“大哥,你再仔细想想。您再跟我详细的说一遍,那天你拉他们时的情况。”
“小兄弟,这事儿可就难办了,我本来以为你们两个需要用车,所以我才过来主动搭话的,我的时间也很宝贵的。下午还有一趟活儿要干呢,你俩拉着我一直聊天,你们是吃饱了,我还饿肚子呢。”司机的眼神盯着小王手里的面包。
“大哥。麻烦您再跟我们聊聊。这钱你拿着买口水喝。”姚明轩掏出钱包,摸出几张粉红钞票塞给男人。
“这都好说,都是自家兄弟什么买水不买水的。既然你俩愿意听,那我就再跟你们说说
在金钱的刺激下,司机大哥详尽的向小王和姚明轩描述了那天他和这两个女客人之间的对话。
“年纪稍大的那个,显然城府更深些,不怎么爱说话,年纪小的那个,比较活泼,他说他们是来找对象的。虽说年纪小的那个喊另外一个女人妈妈,但是我瞧着她的模样可不像。”
“哪有那么年轻的妈呀,要么就是不知道在哪儿生的野孩子,回来找接盘的来了。
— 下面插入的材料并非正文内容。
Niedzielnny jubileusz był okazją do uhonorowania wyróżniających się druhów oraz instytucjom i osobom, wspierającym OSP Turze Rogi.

”大哥越说越来劲。
“一看他俩就没过过什么好日子,否则怎么可能坐我这种车呢?来接他们那人应该也不是什么有钱的主,身上一股子羊膻味儿。隔着老远,就能闻到那味道。”
呼哧,小王听的这话,实在忍不住笑了,“大哥,就算是信口开河,麻烦您也有点限度好不好?人身上怎么会有羊味儿呢?”
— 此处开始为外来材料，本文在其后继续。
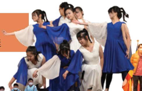
第59屆學校舞蹈節 佛梁舞蹈隊 當代舞（中學組）甲級獎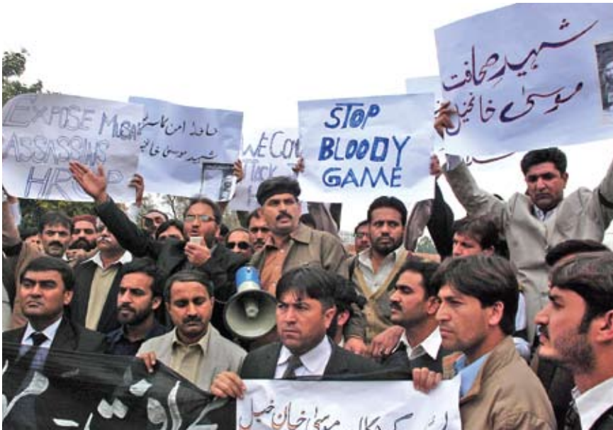
2009 පෙබරවාරියේ දී මුසා බාන් කෙල් සාකච්ඡාව විරෝධය පළ කිරීමට සැරසෙන පෙශාවර් ජනමාධ්‍යවේදීන්

ලඟා වී ඇති බවත් රට දෙකඩ වීමට යන බවත් පාඨකයන් හදිසියේ දැන ගත්තේ 1971 දෙසැම්බර් 17 වන දිනයි. පාකිස්තාන හමුදා පරාජයට පත් වීම පිළිබඳවත් බංග්ලාදේශයේ ජනයාට ඔවුන් සිදු කළ දාමරික කම් පිළිබඳවත් මහජනයා සෙමෙන් අවබෝධ කර ගන්නට පටන් ගත්තේය. එම හේතුවෙන් ජනමාධ්‍ය පිළිබඳව අවිශ්වාසයක් ගොඩ නැගිණි.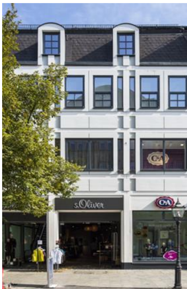
Außenansicht 3. OG rechts (ca. 1.170 m 2 )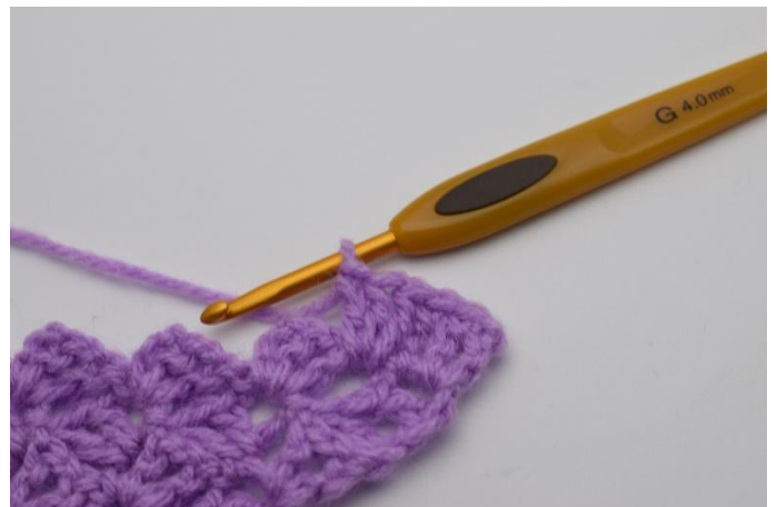
4. 3 Stb häkeln.

“这你就不懂了吧。卖鱼的身上有鱼味,做厨师的身上有葱花味儿,养羊的身上有羊味儿。是什么稀奇的事儿吗?长年累月和羊在一起,就算是洗多少次澡,换多少件衣服。也消除不了身上的那股味道。因为这味儿,都已经把人给泡透了。你们俩一瞧,就不是我们中村人,土生土长的村里人,身上带着一股土腥味儿。就算是穿上好看的衣服,也掩不住那股土气,你俩一瞅就是城里娃,白白嫩嫩,像小丫头似的,脸上是黑的,脖子底下都是白的。”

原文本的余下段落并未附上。